Ionice can change the Task Type and priority, but only the CFQ scheduler can use ionice.
There are three examples to illustrate the functions of ionice:
Real-time scheduling using CFQ with a priority of 7
Ionice-C1-N7-ptime dd If =/dev/sda1 F =/tmp/test BS = 2 m COUNT = 300 &
Use the default disk I/O Scheduling with a priority of 3
Ionice-C2-N3-ptime dd If =/dev/sda1 F =/tmp/test BS = 2 m COUNT = 300 &
Idle disk scheduling with a priority of 0
Ionice-C3-N0-ptime dd If =/dev/sda1 F =/tmp/test BS = 2 m COUNT = 300 &

The three scheduling methods of ionice have the highest real-time scheduling, followed by default I/O scheduling, and finally idle disk scheduling.

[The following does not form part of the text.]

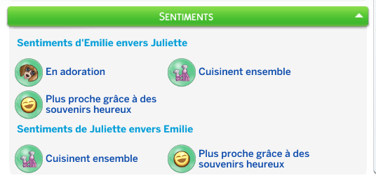 - Il me comprend : Ce Sim se sent totalement accepté auprès de ce Sim.
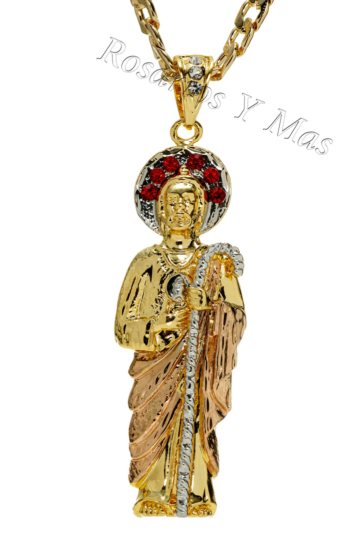 24K Gold Plated St Jude Pendant with 26" Necklace - San Judas con Cadena de 26" Oro Laminado

There are eight disk scheduling priorities for ionice, with a maximum of 0 and a minimum of 7.
Note that the disk scheduling priority has nothing to do with the nice process priority.
One is the priority of process I/O, and the other is the priority of process CPU.